The results of the analysis suggest that the main determinants of environmental health risk should be taken into consideration when assessing risk and vulnerability in urban populations. Our findings suggest that health risks related to air pollution are socioeconomically differentiated across the municipalities. Our estimates show evidence that various aspects of social inequality contribute to the greater burden of environmental hazard exposure and health risk for a municipality with low socioeconomic status. Social inequality, such as residential segregation, may affect the options of communities to address environmental and health problems. For example, poverty may affect the likelihood of having health insurance. Low education reduces knowledge and life skills that allow people to gain more ready access to information and resources to promote health (^{Link and Phelan, 1995}). High population density may influence transportation demand, as expressed through average daily vehicle-kilometers traveled in private motor vehicles per capita; in turn, changes in transportation demand influence total vehicle emissions (vehicles for the transportation of passengers) to which population is exposed.

These socioeconomic disparities between municipalities partially explain why we observed a lower hazard rate in Álvaro Obregón, a wealthy area, as compared to the higher hazard rate observed in Iztapalapa, a poor area. In Álvaro Obregón-an area that showed a lower hazard rate-a higher life expectancy was observed, which allowsindividuals to stay longer in the at-risk population, thereby making that population larger than the at-risk population of Iztapalapa, whose inhabitants have a lower life expectancy. This is because the state-space model proposed applied the assumption that all fatalities must first be susceptible, so the smaller the at-risk population, the greater the individual probability of death. Therefore, the smaller the size of the population at risk, the sicker its average member will be, and hence the smaller the impact over long-term mortality. These findings are consistent with what would be normally predicted in texts about environmental justice.

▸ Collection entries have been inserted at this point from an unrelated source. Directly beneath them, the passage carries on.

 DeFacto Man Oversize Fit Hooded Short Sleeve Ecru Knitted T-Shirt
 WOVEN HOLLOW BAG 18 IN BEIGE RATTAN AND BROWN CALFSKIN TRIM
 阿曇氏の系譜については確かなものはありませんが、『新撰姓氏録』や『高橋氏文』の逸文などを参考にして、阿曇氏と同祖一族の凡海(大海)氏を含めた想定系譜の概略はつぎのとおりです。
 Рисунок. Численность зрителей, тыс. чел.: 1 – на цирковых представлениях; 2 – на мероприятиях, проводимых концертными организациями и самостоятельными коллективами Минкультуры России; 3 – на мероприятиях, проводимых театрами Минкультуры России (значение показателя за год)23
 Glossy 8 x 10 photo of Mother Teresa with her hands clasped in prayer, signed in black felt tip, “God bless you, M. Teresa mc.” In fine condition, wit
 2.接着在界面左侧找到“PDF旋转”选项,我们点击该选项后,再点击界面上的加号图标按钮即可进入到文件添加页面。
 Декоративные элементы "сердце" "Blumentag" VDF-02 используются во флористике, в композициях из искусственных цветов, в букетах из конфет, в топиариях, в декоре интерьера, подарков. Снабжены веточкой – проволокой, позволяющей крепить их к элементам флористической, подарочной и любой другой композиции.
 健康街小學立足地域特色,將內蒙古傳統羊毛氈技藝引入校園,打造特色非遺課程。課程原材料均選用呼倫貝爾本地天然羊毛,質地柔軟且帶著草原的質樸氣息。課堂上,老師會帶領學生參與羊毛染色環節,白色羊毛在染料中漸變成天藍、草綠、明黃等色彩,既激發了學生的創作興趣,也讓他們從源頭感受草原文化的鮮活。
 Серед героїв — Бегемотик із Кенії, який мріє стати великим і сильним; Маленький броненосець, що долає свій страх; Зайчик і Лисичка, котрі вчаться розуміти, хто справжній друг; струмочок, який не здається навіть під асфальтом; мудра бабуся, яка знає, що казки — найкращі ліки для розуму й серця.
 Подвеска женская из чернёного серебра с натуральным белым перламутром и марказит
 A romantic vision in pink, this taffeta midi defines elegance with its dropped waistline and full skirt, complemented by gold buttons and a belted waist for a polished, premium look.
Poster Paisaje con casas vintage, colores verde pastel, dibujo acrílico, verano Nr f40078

As we already know, a proportion of these deaths occurs in susceptible people who would probably have died in the immediate future; however, a substantial number of them could have been prevented. Implementation of health policies should blunt some of the adverse impacts of air pollution on the pool of very frail people. We strongly believe that such health policies need to be addressed from the perspective of environmental justice.